Restate word for word the line containing "Free People Gray" and each line that follows it, through the last line below, and nothing else.
• • • • • • •
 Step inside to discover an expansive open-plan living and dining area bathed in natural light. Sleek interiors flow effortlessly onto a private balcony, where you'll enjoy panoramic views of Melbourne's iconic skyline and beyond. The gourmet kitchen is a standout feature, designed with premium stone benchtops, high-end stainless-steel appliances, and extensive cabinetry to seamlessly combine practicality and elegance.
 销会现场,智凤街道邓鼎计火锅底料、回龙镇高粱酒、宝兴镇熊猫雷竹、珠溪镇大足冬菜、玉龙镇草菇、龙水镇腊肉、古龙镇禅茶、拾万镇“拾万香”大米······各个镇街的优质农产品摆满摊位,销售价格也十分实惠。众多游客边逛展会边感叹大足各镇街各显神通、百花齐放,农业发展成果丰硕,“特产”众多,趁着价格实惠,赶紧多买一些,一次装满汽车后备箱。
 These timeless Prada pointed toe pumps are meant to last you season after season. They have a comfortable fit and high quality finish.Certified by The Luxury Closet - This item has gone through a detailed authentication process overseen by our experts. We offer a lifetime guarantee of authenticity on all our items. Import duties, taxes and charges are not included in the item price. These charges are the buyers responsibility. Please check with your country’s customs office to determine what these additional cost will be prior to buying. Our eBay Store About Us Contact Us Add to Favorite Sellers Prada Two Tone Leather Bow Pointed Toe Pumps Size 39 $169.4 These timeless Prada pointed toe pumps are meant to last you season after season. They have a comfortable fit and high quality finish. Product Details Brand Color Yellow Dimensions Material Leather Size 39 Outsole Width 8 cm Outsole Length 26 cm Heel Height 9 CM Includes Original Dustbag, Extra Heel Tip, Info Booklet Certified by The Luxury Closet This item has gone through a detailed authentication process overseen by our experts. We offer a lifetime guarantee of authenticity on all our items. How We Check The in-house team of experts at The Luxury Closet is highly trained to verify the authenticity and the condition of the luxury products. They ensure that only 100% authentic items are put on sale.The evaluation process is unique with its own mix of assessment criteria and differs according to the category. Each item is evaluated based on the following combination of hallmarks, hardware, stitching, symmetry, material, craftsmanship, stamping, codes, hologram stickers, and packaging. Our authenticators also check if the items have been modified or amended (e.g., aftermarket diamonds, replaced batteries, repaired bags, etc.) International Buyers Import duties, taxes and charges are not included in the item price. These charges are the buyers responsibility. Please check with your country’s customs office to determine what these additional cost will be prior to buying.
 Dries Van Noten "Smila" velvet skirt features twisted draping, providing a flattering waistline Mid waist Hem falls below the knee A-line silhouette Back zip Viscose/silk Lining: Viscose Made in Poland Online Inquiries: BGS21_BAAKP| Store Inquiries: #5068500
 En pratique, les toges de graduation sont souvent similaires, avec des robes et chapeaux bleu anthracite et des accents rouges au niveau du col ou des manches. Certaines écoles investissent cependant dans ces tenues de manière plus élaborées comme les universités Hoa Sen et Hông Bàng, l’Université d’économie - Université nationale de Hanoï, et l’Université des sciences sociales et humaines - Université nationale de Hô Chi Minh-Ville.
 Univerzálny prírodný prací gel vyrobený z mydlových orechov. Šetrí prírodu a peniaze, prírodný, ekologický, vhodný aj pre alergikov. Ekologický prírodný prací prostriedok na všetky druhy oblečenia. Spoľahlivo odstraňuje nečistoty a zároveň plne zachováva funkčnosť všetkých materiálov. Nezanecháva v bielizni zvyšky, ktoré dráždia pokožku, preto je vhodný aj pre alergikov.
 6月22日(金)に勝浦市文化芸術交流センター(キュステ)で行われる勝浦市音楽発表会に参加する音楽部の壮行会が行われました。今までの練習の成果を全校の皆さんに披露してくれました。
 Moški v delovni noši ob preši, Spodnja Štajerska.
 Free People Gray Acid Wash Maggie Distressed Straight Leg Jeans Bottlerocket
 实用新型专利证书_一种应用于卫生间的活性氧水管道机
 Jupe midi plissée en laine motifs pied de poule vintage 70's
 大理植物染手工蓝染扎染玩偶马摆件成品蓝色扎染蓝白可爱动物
• • • • • • •
▶ OUTPUT BELOW:
 Free People Gray Acid Wash Maggie Distressed Straight Leg Jeans Bottlerocket
 实用新型专利证书_一种应用于卫生间的活性氧水管道机
 Jupe midi plissée en laine motifs pied de poule vintage 70's
 大理植物染手工蓝染扎染玩偶马摆件成品蓝色扎染蓝白可爱动物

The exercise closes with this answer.